A linear model for the data in the table is shown in the scatter plot.

x values: 1, 2, 4, 5, 6, 7, 8, 9

y values: 14, 12, 11, 11, 9, 7, 4. 3.5

VIsual:

x

1

2

4

5

6

7

8

9

y

14

12

11

11

9

7

4

3.5

Which two points should you use to find the equation of the model? Explain.

Use the two points you chose in Part (a) to find the slope of the linear model, rounded to three decimal places. Show your work.

What is the equation of the linear model in point-slope form?

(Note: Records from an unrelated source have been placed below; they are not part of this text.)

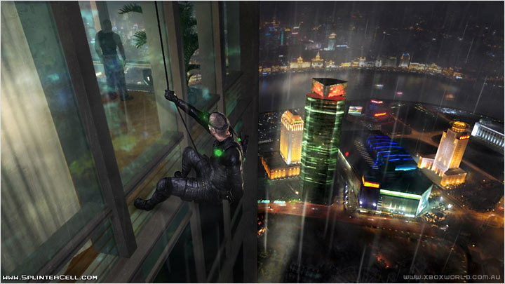 Two alternate single-player missions, eight all-new merged versus and co-op maps and interactive cutscenes. Daylight missions, in which Sam does not have his goggles. Also, in the regular areas of the JBA HQ, Sam's only maneuver is walk. Regenerating health (a similar element was introduced in Call of Duty 2) and a simple three-state (hidden/exposed/alert) stealth meter, as opposed to the past light and sound meters. The PlayStation 3 version includes an, as of yet, unnamed female Splinter Cell; in the Xbox 360 version, she's available in a download by Xbox Live. The computer hacking mini-game returns and new mini-games are featured that let you decrypt e-mails and defuse bombs. A new type of level, where Sam has a little less than a half-an-hour to complete multiple objectives. He can choose what order to do them, and does not have to do all of them. The more you do for one side (or both sides), the more trust you can receive.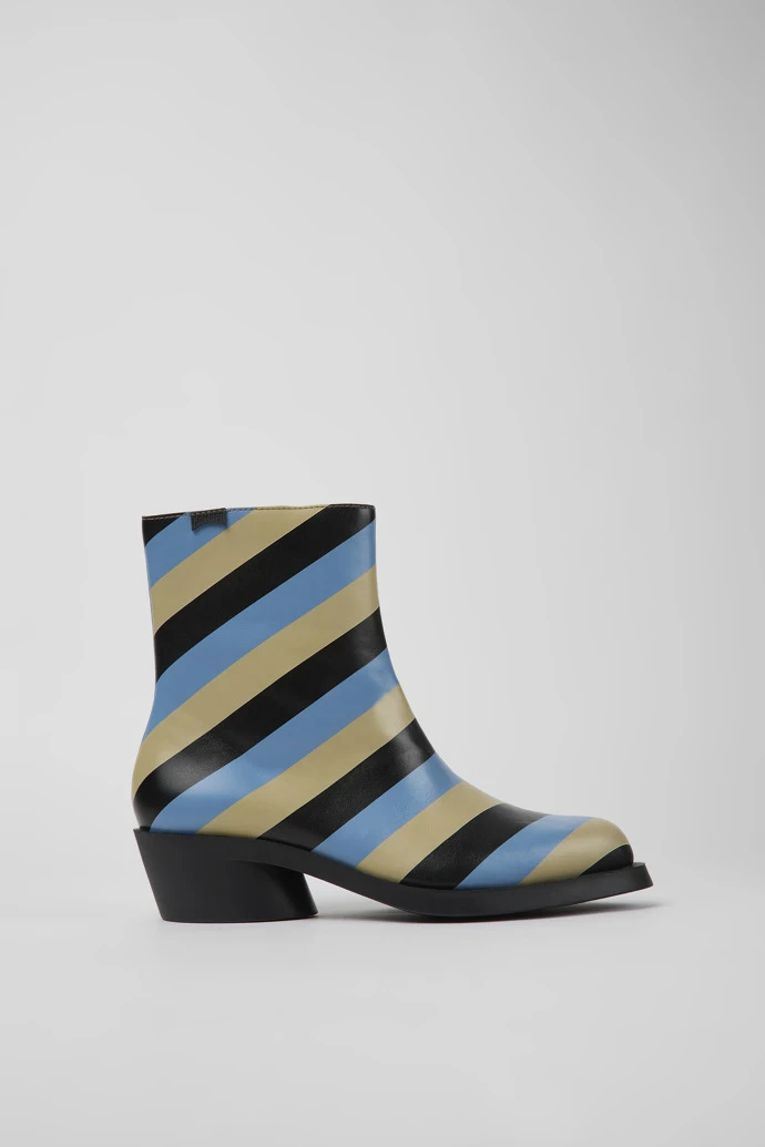 Multicolored striped leather women’s boots with OrthoLite® Recycled™ non-removable footbeds and rubber outsoles (20% recycled).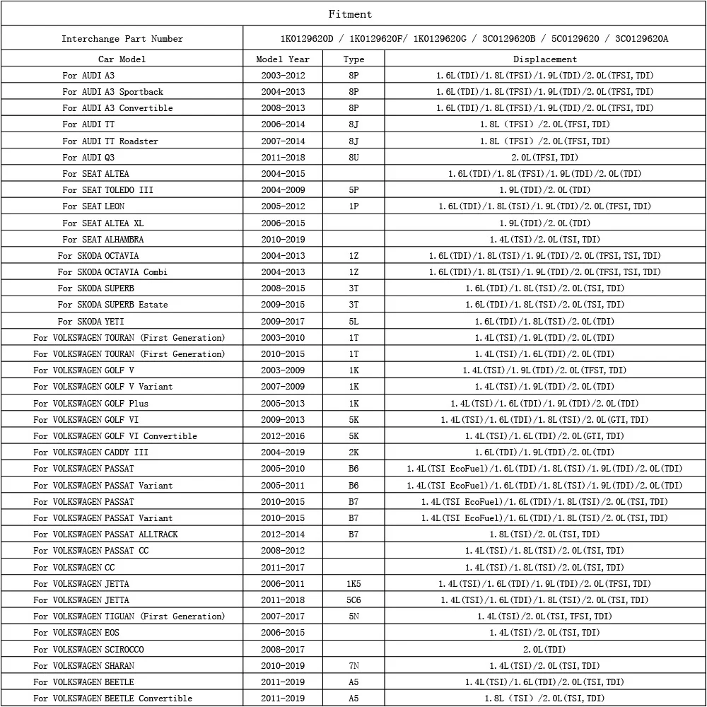 Для Audi A3 8P 2003 2004 2005 2006 2007 2008 2009 2010 2011 2012 1.6L(TDI) 1.8L(TFSI) 1.9L(TDI) 2.0L(TFSI,TDI)

Rearrange the equation you wrote in Part (c) into slope-intercept form. Show your work.

Guest Oct 28, 2018
 #1
avatar+406 
+7

Okay, let's solve this one.

 

I would personally choose the coordinates \((1 , 14)\) and \((2 , 12)\), because they are going to make my life much easier than using coordinates that have decimals in them. Therefore, when we find the slope, we have zero rounding to do.

 

Now, we are going to use the formula \(m = \frac{y_2 - y_1}{x_2 - x_1}\) to find the slope, \(m\).

 

Plugging in our numbers, we get \(m = \frac{12 - 14}{2 - 1}\), which is equal to \(\boxed{-2}\).

KnockOut  Oct 28, 2018
 #2
avatar+406 
+7

So we know that our slope is \(-2\)

 

Point slope form is in the form of \((y-y_1) = m(x - x_1)\).

 

Using our coordinate (I'm going to choose \((1 , 14)\) ), and plugging it into the formula, we get our point-slope form to be

 

\(\boxed{y-14 = -2(x-1)}\).

KnockOut  Oct 28, 2018
 #3
avatar+406 
+8

Now for the final part, we need to rearrange the eqution: \({y-14 = -2(x-1)}\) into slope-intercept form.

 

Slope-intercept form is in the form of \(y = mx + b\).

 

Rearranging our equation to look like this, we get:

 

\({y-14 = -2(x-1)}\),

\(y = -2(x-1) + 14\),

\(y = -2x + 2 + 14\)

\(y = -2x + 16\).

 

Therefore, our answer is \(\boxed{y = -2x + 16}\).

 

We can test this by inserting an ordered pair, let's say \((2,12)\).

 

\(12 = -4 + 16\),

\(12 = 12\)

 

Is this equation true? YES!!!!.. This tells us that our answer is correct!